Before we jump into implementations I wanted to let you know that I am well aware of the fact that the test suite is not complete. There are corner cases that aren't covered, but I hope you'll realize that this is rather the DynamoDB modeling exercise rather than testing exercise. One more thing about testing. Both versions of the code have the same test suite because we are testing behavior - not implementation. I'm repeating myself, but I would like to emphasize the importance of such tests. I know that some times people are discouraged to test their code because whenever they change production code they need to fix a lot of tests too. It's not the case when testing the behavior. That's it. I used the word "behavior" for the last time in this episode. Moving on.

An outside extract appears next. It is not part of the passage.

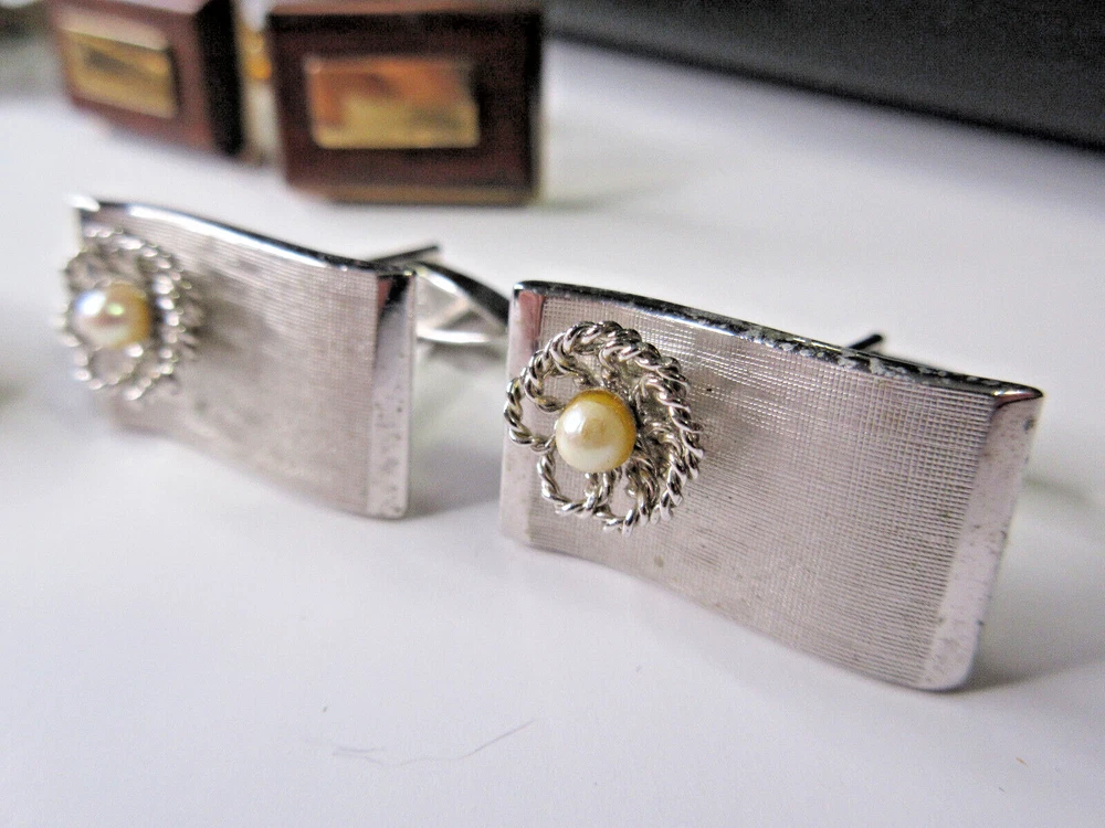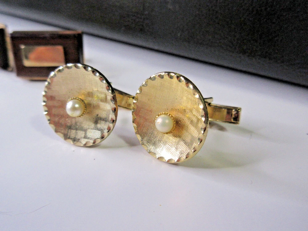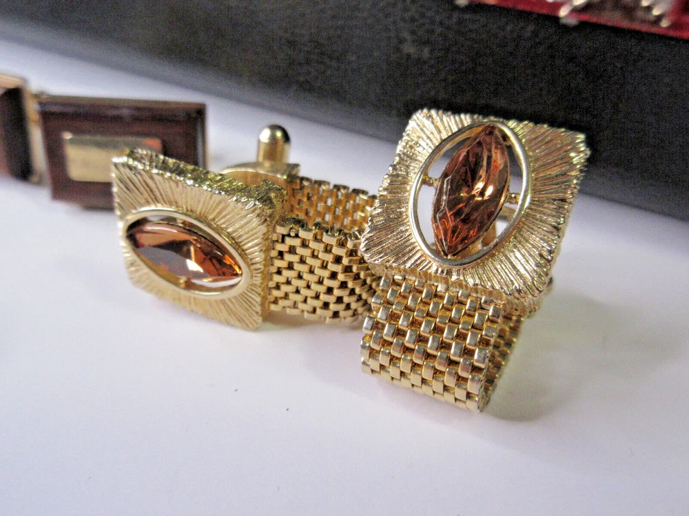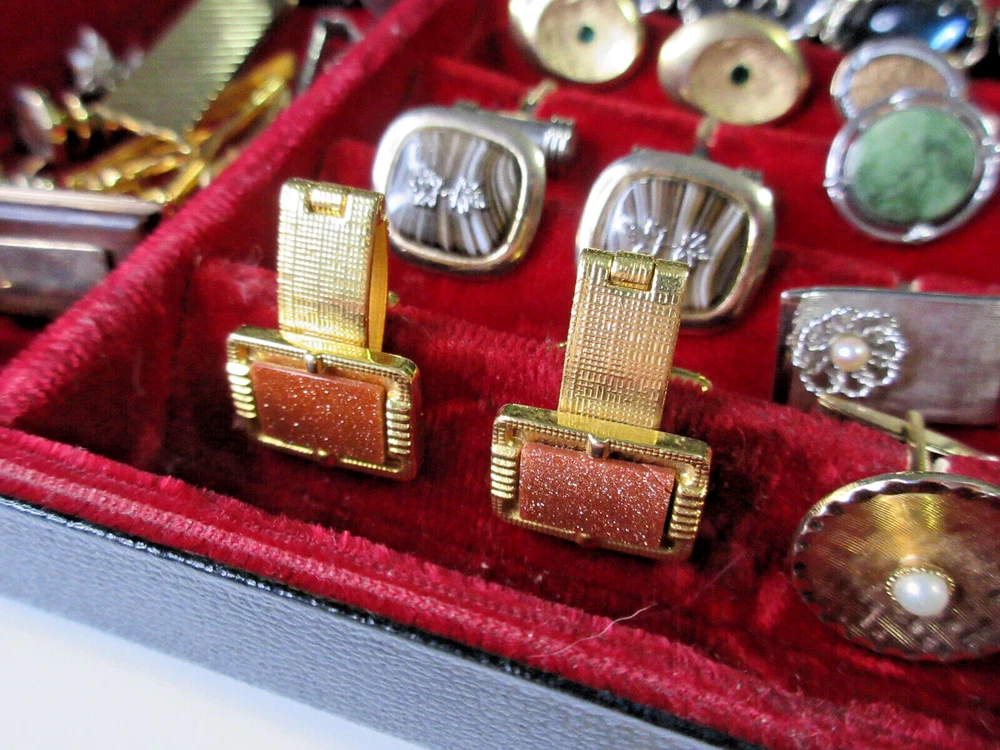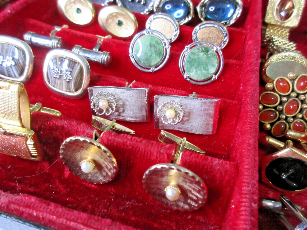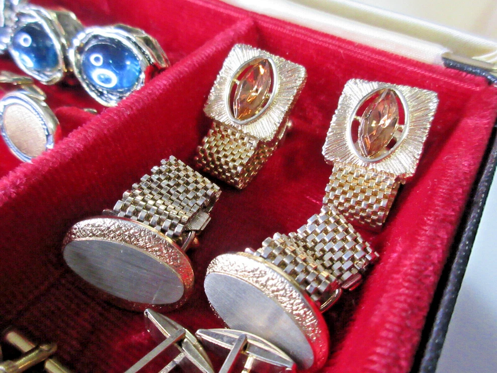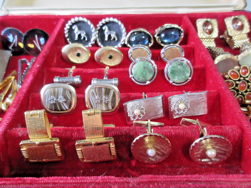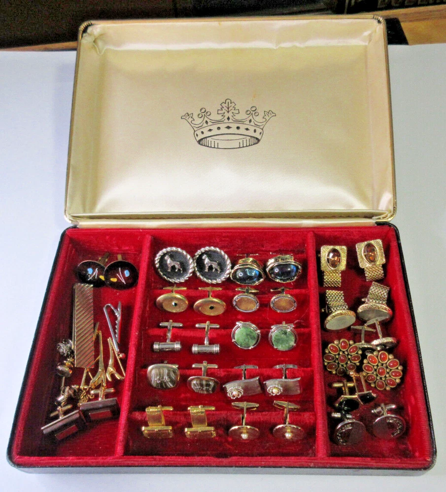 This is a wonderful lot of vintage men's accessories in a vintage Allen brand valet. The lot consists of: 18 pair cufflinks 4 tie bars 3 tie tacs All items will be individually bagged and securely shipped
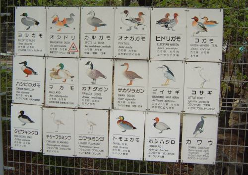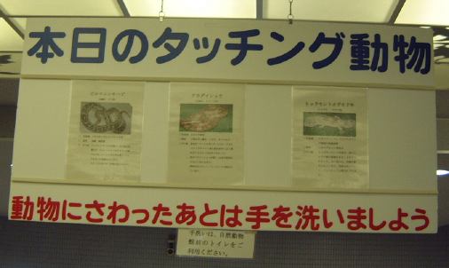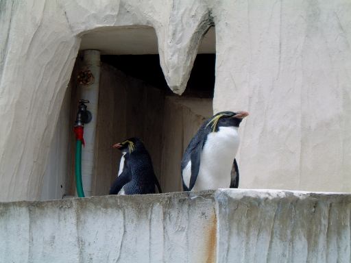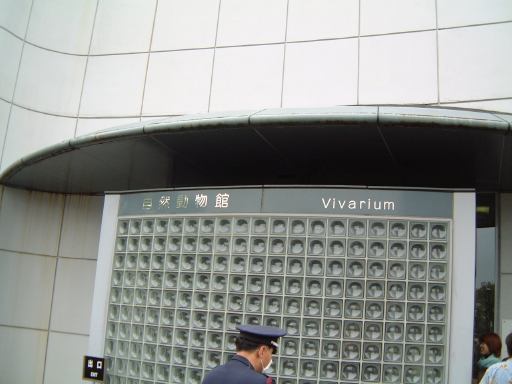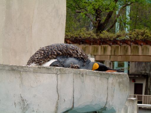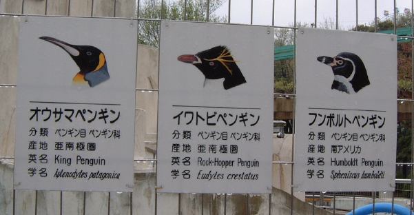 その先に進むと通路のまん中にペンギンたちが見えてきます。が全然動いている様子はありません。近づいてみてもイワトビペンギンは突っ立ったままだし、オウサマペンギンはうつ伏せ(毛皮を着てるみたい(実際に着てるけど)ですが、きっと毛の生え変わり中でしょう)だし、多くのペンギンがまるで人形のように固まっていました。それが人形じゃないと判るのは、たまにプルッとお腹が痙攣するときぐらいです。陸上ではじっとしているのがペンギンの習性なんでしょうか。南極から遠く離れた東山の空の下、一体何を思うのか・・って感じで哀愁さえ漂っています。このように無駄なエネルギィを使わないのは、寒いところに適応した結果かもしれませんね。ただ、フンボルトペンギンだけは泳いだり歩いたり比較的活動的でした。種類によってやっぱり習性は異なるようです。ちなみに、動物の檻にはそれぞれこういう看板が取り付けられていて、動物の名前や分類などが判るしくみになっています(当たり前?)。

Implementation - version 1

I am going to show you first version of implementation and then we are going to jump into the second one and
compare them. Let me remind you what really is the first version.

PK SK Value City Building Floor Room Type ID
SENSOR#S1 READ#2020-03-01-12:30 2
SENSOR#S1 READ#2020-03-01-12:31 3
SENSOR#S1 READ#2020-03-01-12:32 5
SENSOR#S1 READ#2020-03-01-12:33 3
SENSOR#S1 SENSORINFO Poznań A 2 13 Gas
CITY#Poznań LOCATION#A#2#13 S1

Information about a sensor is broken down into two separate items with different Partition Keys. Additionally, every recording is an item that shares the same PK as main item describing the sensor.

Registration

As you can see in the layout, when registering we need to write two different items which means that we are going to need transactions. Let's jump into it.

func (s *sensorManager) Register(ctx context.Context, sensor Sensor) error {
  attrs, err := dynamodbattribute.MarshalMap(sensor.asItem())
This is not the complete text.